I didn't see the video, but some neat pics!  Love the top one, have never seen that one before!


----------



## Premier Longhorns (Jul 19, 2012)

Hi Karin, if you get a chance, view the video, it's on youtube. It is amazing to see the babies being born!! It is always so exciting.


----------



## Stubbornhillfarm (Jul 20, 2012)

Great video!  Thanks for sharing!  You have some beautiful Longhorns.


----------



## Premier Longhorns (Jul 20, 2012)

Thank you! We luv 'em! ♥


----------



## PendergrassRanch (Jul 20, 2012)

Great video!
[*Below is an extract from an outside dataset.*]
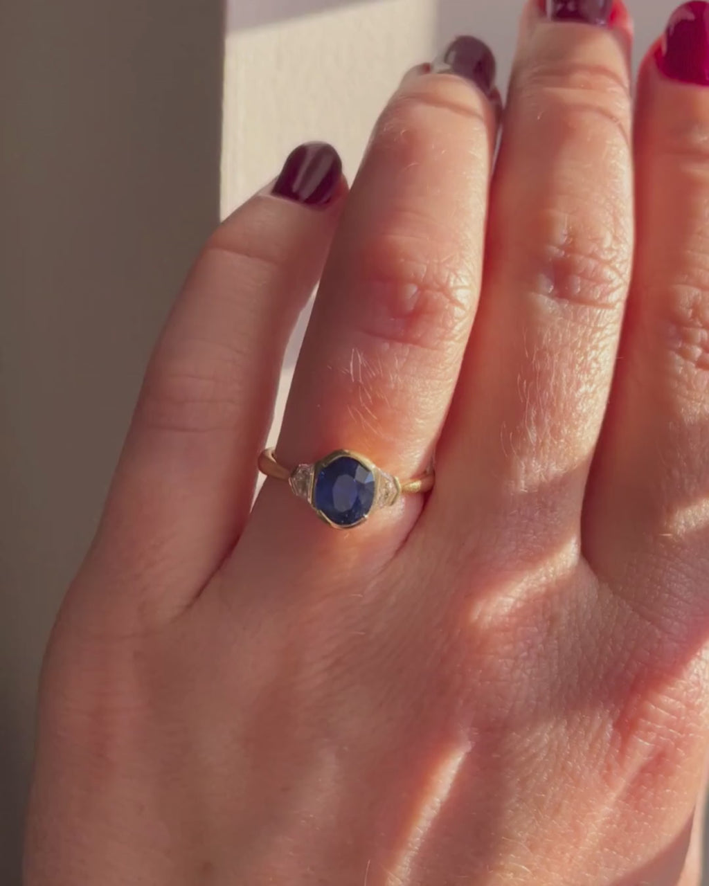 A vivid, mysterious blue that demands all attention. The soft curves of the Ceylon sapphire complimented with the intricate cadillac cut diamonds, nestled perfectly into the sides.

Thank you for sharing it 

I have always loved Longhorns and I REALLY love cattle that are trained to ride!


----------



## Premier Longhorns (Jul 20, 2012)

They are a unique, large size companion animal! a cross between the family dog, the family horse and the family cow! LOL but seriously, they are very special.


----------



## Straw Hat Kikos (Jul 20, 2012)

I would love a Texas Longhorn!! You wanna give me one? lol


----------



## Premier Longhorns (Jul 20, 2012)

We breed, raise and train them but don't give them away though sometimes it is like adopting out children! wanting them to go to loving,  forever homes!


----------



## ILuvSheep (Jul 21, 2012)

I LOVE longhorns!! How long does it take for their horns to get long? And do you breed for long horns or just cutie pies?? 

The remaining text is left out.